I agree that the turning rules are distasteful for a number of reasons. A cleric with a good turning check (or worse, the Sun domain or levels of Radiant Servant) can utterly evaporate an undead challenge with one action. I've considered using the turning variant from CD although it still doesn't sit with me quite well.

One change I thought about that both encourages clerics to stick with one class and that tones down the power of turn undead is to make it an ability that scales more with cleric level. A 1st level cleric can only turn undead 1/day. A 5th level cleric can turn undead 2/day, and every 5th level after that (10th, 15th, etc.) the cleric gains an additional use of turn undead. You no longer get bonus turn undead attempts from Charisma and the Extra Turning feat either doesn't exist or only grants two bonus turning attempts. Paladins get as many turning attempts per day as a cleric three levels lower.

Of course, turn undead attempts are most abusable with feats that grant additional uses for turn undead attempts. This variant rule reduces the abuse of such feats (particularly troublesome ones like Divine Metamagic) and encourages clerics who want to have turn undead "stamina" to keep leveling as a cleric.
 


Nifft said:
Only a couple of quibbles ...
Both right on target (as usual, for you). I agree with you about restricting the targeting, both for the reason you give and because it seems worthwhile to keep revised turning rules as close to the original rules as possible, and my original system deviated from them unnecessary.

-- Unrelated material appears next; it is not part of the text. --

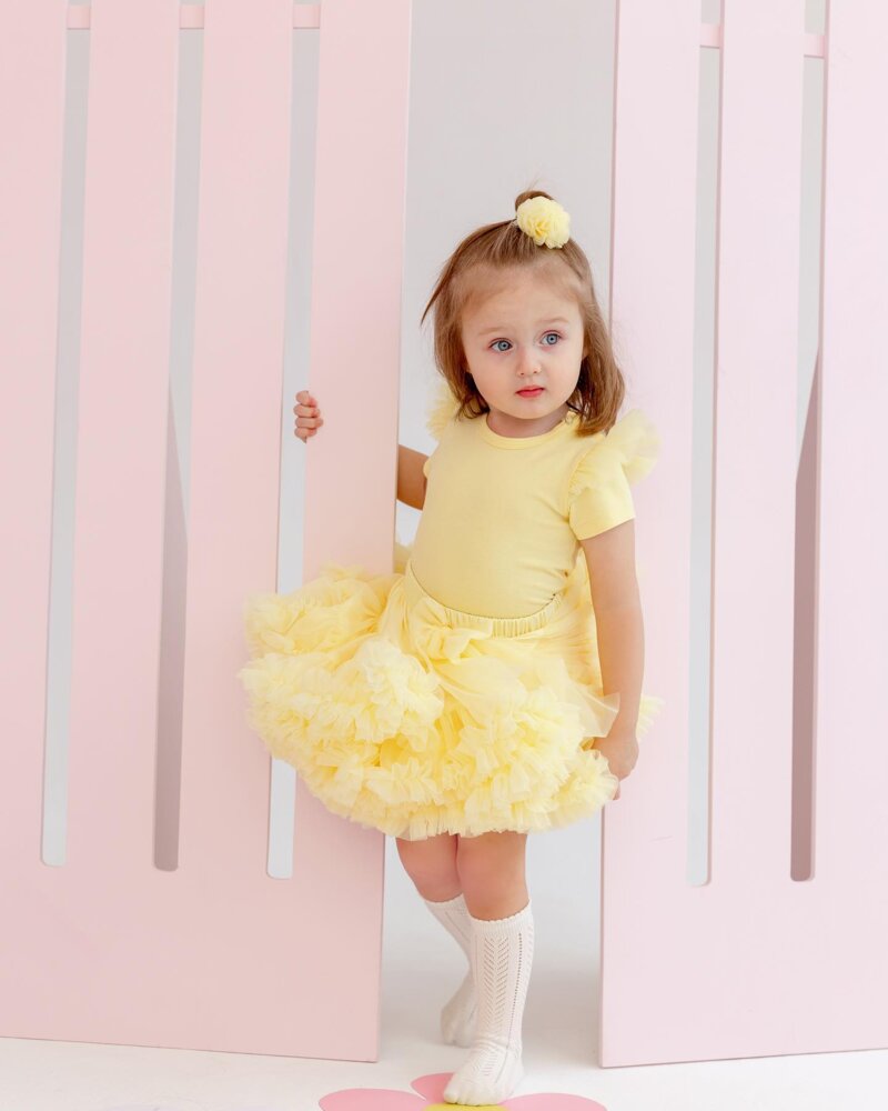 Pom pom sponka krásně doladí jakýkoli účes malé princezny a může se stát stejně jako prefektním doplňkem k Petti sukni Dolly Princess, z naší nabídky, která je stejné barvy jako sponka.

On the other hand, allowing one roll for a bunch of similar critters meanns that it might be tough to fix the DC for the group -- allowing one roll at the unmodified 10 + HD DC means that it would become very easy for a mid-level cleric to turn, say, any amount of wights, and increasing the DC by some amount would (a) require adding at least more complexity to the revised turning rules, since you'd have to set some new criterion for doing so and (b) make turning more of all-or-nothing affair: either you turn all of the wights or or none of them. So I like Dream Chaser's suggestion, and here, for the record, is the revised version:
  • When you turn undead, you initially affect the closest undead creature within 60 feet. Make a turning check, adding 1d20 + your cleric level + your Charisma modifier against a DC equal to 10 + the creature's hit dice. If you succeed, you turn the creature, and it runs away from you as normal, yelping or groaning to whatever extent that its profane anatomy permits. If you have at least twice as many cleric levels as a creature you turn has hit dice, you destroy the creature instead.
  • After attempting to turn one creature, you can attempt to turn the next closest undead creature within range. Use the same turning check result against all other creatures you affect, but increase the DC by 2 for each undead creature you have successfully turned on that turning attempt.
Much depends on the result of the initial turning check, then, but I'm okay with that.